My new motor runs and isles fine. I can rev it up to 4000 or better and still runs great. Just took it out on the road for the first time and it misses really bad. Almost like its flooding itself out. Any ideas what it could be. Thanks
When I first read the post title, I thought you had a new motor and you couldn't find it. That's how stupid I am.
No not stupid I posted it stupid. Lol. Carb is a good 800 Holleydouble pumper. I have fuel pressure set at 5 1/2 to 6 pounds
Well, that's all well and good. I have yet to see a Holley come out of the box ready to go. I just put a Quickfuel 950 on my 71 and its been apart three times for re-jetting, high speed bleeds and idle feed restrictor changes. The carb fell on its face out of the box. You may have a lean miss. You need to install a wideband O2 to see what that carb is doing.
An oxygen sensor. It tells you the air fuel ratio as you drive the car around . So you can put the engine under load and see if its going way lean
It's an air/fuel meter. Inline with your exhaust. Can tell you if it's running lean or rich...or just right.
Romel, can you tell the difference between an outright miss, and the car nosing over from lack of fuel? If it is nosing over, I would check fuel pressure before condemning the carburetor. If fuel pressure is good, look at float level. If that checks out, you'll need to check the exhaust with a wideband O2 sensor.

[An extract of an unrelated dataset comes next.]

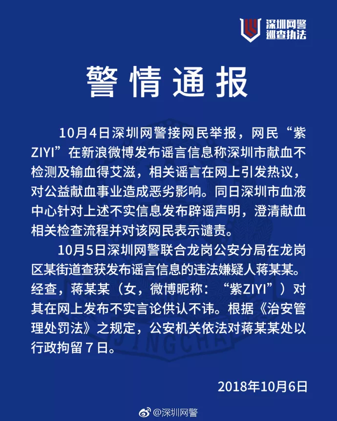 6日17:19,@深圳網(wǎng)警發(fā)布警情通報(bào):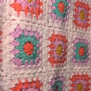 Charming crochet camisole with vibrant pink, orange, and teal squares. Ideal for a colorful touch.

Thanks guys. We figured it out. When it was sitting at the shop someone stole the jet or metering valves out of the carb. Would explain why it was leaking to begin with. Larry I havea question for you. The guy who timed my car has a brand new snap on digital timing light. Is it possible to do all the timing without disconnecting the vac advance. Thanks again
No, you have to disconnect the vacuum advance, then work with the initial + mechanical advance to set the WOT timing. After you have that straightened out, then you connect the vacuum advance. Depending on when your mechanical advance is all in, you may need to modify the vacuum advance. I explain all of this in the Power Timing thread.